GOAL OF THE EXERCISE: Look for "商品名称" in each line of the records, and copy the lines that have it.
[[ MATERIALS PROVIDED, beginning ]]
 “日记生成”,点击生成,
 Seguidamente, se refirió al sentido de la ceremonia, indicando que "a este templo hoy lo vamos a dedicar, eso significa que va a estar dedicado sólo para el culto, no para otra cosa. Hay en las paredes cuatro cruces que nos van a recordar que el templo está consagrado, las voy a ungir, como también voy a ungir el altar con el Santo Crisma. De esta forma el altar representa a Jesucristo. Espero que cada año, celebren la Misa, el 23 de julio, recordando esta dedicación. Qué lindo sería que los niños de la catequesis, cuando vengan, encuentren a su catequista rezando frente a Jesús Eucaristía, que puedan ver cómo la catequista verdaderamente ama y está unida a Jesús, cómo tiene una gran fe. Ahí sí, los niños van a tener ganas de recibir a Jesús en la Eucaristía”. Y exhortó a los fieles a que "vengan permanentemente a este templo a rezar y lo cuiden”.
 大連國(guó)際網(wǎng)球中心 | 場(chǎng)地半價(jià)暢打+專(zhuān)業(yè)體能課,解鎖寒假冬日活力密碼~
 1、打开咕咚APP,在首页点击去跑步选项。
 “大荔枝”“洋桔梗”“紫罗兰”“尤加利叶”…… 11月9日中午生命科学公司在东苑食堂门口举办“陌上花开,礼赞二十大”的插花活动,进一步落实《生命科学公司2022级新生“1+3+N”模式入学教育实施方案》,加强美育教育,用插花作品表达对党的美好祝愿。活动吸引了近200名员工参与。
[[ MATERIALS PROVIDED, end ]]
[[ MATERIALS PROVIDED, beginning ]]
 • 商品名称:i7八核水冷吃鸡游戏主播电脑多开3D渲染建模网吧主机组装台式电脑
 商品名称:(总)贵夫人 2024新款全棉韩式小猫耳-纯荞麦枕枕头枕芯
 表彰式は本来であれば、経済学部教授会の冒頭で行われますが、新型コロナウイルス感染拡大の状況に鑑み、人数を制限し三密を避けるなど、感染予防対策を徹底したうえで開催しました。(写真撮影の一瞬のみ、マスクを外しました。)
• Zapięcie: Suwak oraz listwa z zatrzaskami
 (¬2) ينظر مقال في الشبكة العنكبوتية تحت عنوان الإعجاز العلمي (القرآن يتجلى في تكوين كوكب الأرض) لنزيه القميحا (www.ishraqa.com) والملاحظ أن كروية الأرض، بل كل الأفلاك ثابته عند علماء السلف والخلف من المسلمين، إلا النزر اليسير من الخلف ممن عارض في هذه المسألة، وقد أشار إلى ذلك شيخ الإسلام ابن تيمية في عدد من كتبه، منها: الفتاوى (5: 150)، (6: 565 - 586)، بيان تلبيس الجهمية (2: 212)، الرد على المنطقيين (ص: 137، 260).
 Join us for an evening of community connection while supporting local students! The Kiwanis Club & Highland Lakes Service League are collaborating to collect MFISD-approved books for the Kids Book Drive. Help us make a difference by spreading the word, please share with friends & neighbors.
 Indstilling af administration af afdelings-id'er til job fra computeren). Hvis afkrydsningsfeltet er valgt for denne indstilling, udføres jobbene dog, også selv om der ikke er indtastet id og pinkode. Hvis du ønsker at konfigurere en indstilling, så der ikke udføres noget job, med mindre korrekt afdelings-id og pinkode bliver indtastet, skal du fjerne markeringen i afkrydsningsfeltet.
[[ MATERIALS PROVIDED, end ]]
THE ANSWER:
 • 商品名称:i7八核水冷吃鸡游戏主播电脑多开3D渲染建模网吧主机组装台式电脑
 商品名称:(总)贵夫人 2024新款全棉韩式小猫耳-纯荞麦枕枕头枕芯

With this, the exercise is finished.